Voilà pourquoi les équipes et les manufacturiers automobiles espèrent profiter du temps de réponse rapide de la Formule 1, en plus de son rayonnement mondial et de ses toujours impressionnants budgets, pour faire en sorte que ce sport devienne plus cool, vert et sexy. Aussi, en faire plus qu'un simple outil de marketing pour ceux qui s'y impliquent.
Tout développement réalisé par l'industrie automobile peut être accompli de manière plus efficace et rapide en Formule 1, où les grands changements techniques et les programmes de développement à courte échéance sont la norme. Les manufacturiers automobiles voudront y participer, tant le développement des technologies hybrides et la réduction conséquente de la consommation de carburant seront attractifs.
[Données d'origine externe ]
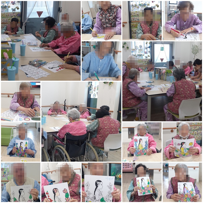 어르신들과 동백 아가씨를 꾸며 족자를 만들어 보는 시간을 가졌습니다. ~^^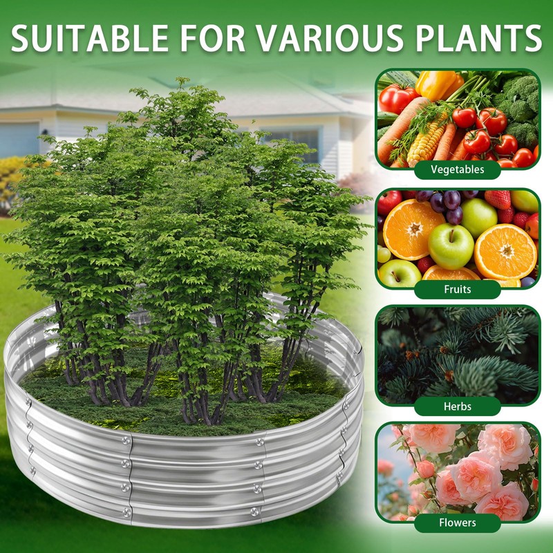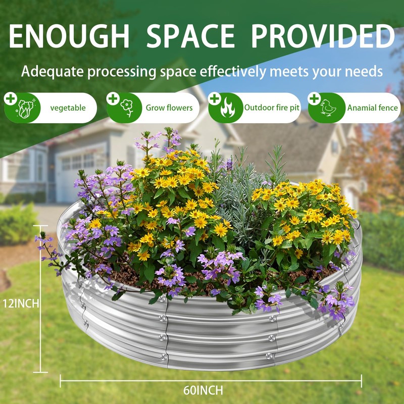 3FT Galvanized Fire Pit Ring, Foldable 36 Inch Silver Round Galvanized Fire Ring Outdoor Pits Raised Garden Bed for Backyard (Silver, 3x3x1FT)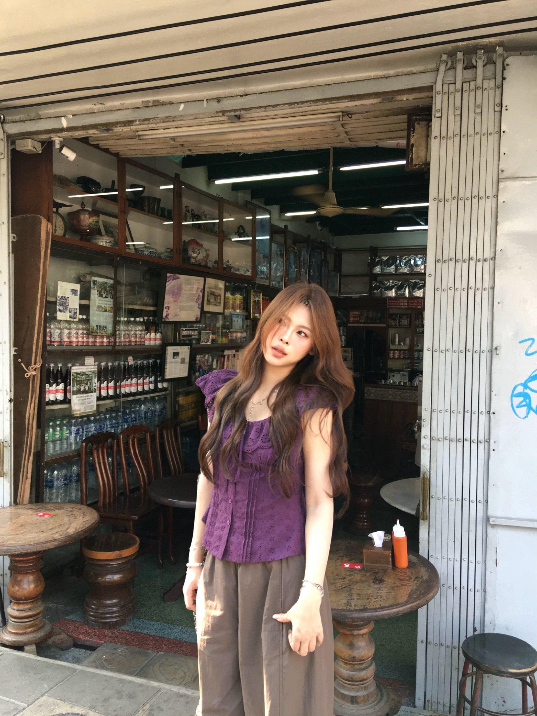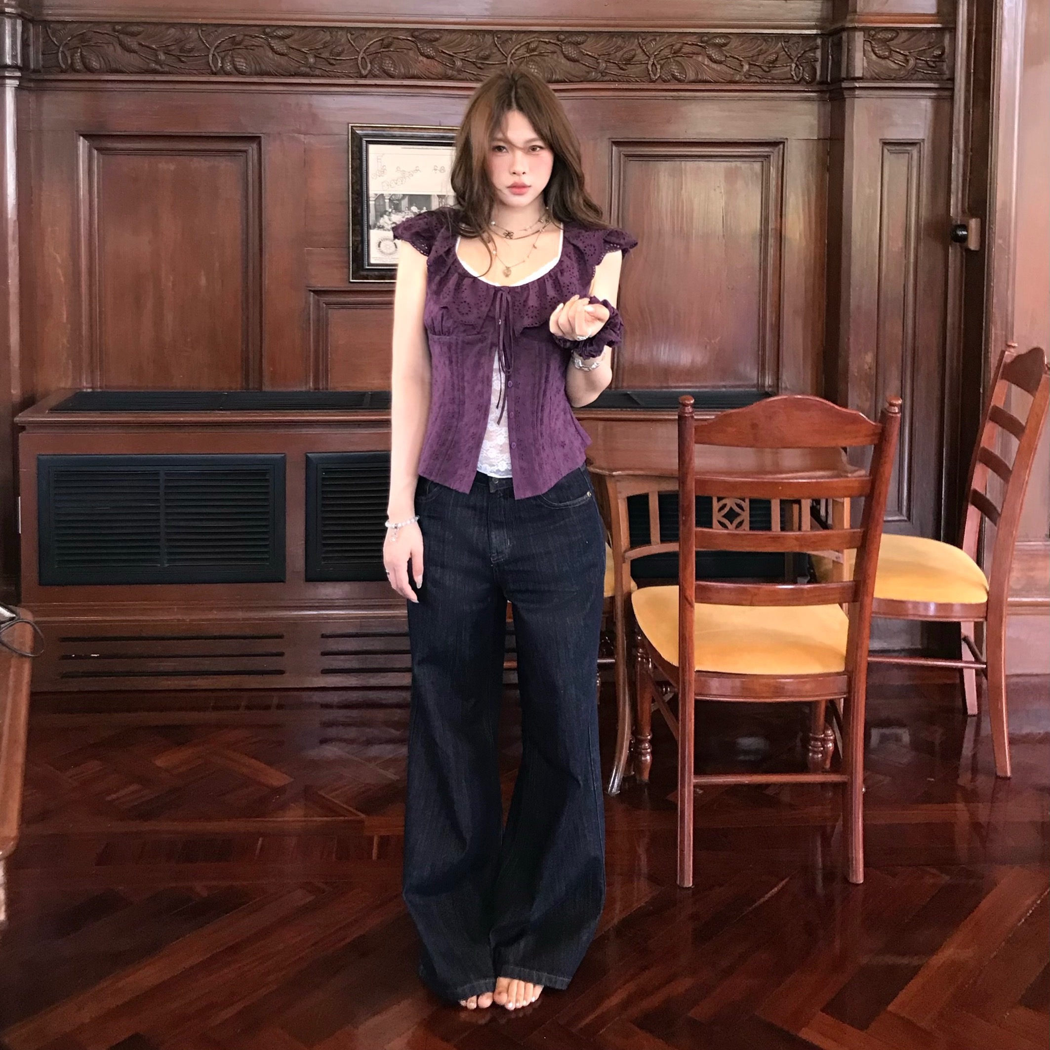 프랑스식 투피스 세트 보라색 레트로 셔츠 시스루 레이스 캐미솔 조끼 순수한 욕망 세트

Idem pour les sponsors.
Tim Roustis, le PDG du motoriste Cosworth, explique pourquoi la prochaine génération de moteurs sera la plus efficace de toutes celles vues à ce jour en Formule 1.
"La proposition à l'étude actuellement prévoit un groupe motopropulseur plus efficace en vertu d'un régime plus bas et d'une suralimentation plus élevée, en plus d'une meilleure efficacité au niveau de le consommation de carburant, d'une amélioration de l'efficacité thermale du moteur, et du raccordement du moteur à des mécanismes qui pourront recueillir et recycler l'énergie qui se perd actuellement", dit-il.
"Aujourd'hui, une bonne part de l'énergie que nous tirons du carburant sert à réchauffer l'environnement", ajoute Roustis pour souligner l'importance des changements à venir en F1. "Il s'agit de la même pensée logique qui nous a menés au SREC (système de récupération de l'énergie cinétique) en premier lieu, mais avec une approche plus holistique du groupe motopropulseur."
Mais il ne s'agit pas de tout simplement entériner des règlements techniques autour d'une formule verte, hybride et efficace. Comme toujours, l'argent est un élément important de l'équation.
"Ces règlements seront pertinents et excitants d'un point de vue technique", affirme Roustis. "Mais il faut s'assurer de ne pas déclencher une course à l'armement financière par inadvertance. Ce qui est clair, c'est que personne ne peut se permettre de dépenser sans regarder, qu'ils soient grands ou petits."
Faire en sorte que les manufacturiers ne dépensent pas des sommes astronomiques sur leurs programmes de développement de moteur est un défi de taille, mais ce projet doit être accompli de façon raisonnable. Une option serait de limiter le développement à certains éléments seulement.
"Le moteur à combustion existe depuis un siècle maintenant, alors il serait très difficile d'en améliorer certaines parties", remarque Roustis. "Il n'y a aucune raison de dépenser de grandes sommes d'argent pour réapprendre ce que nous avons déjà appris au cours des années."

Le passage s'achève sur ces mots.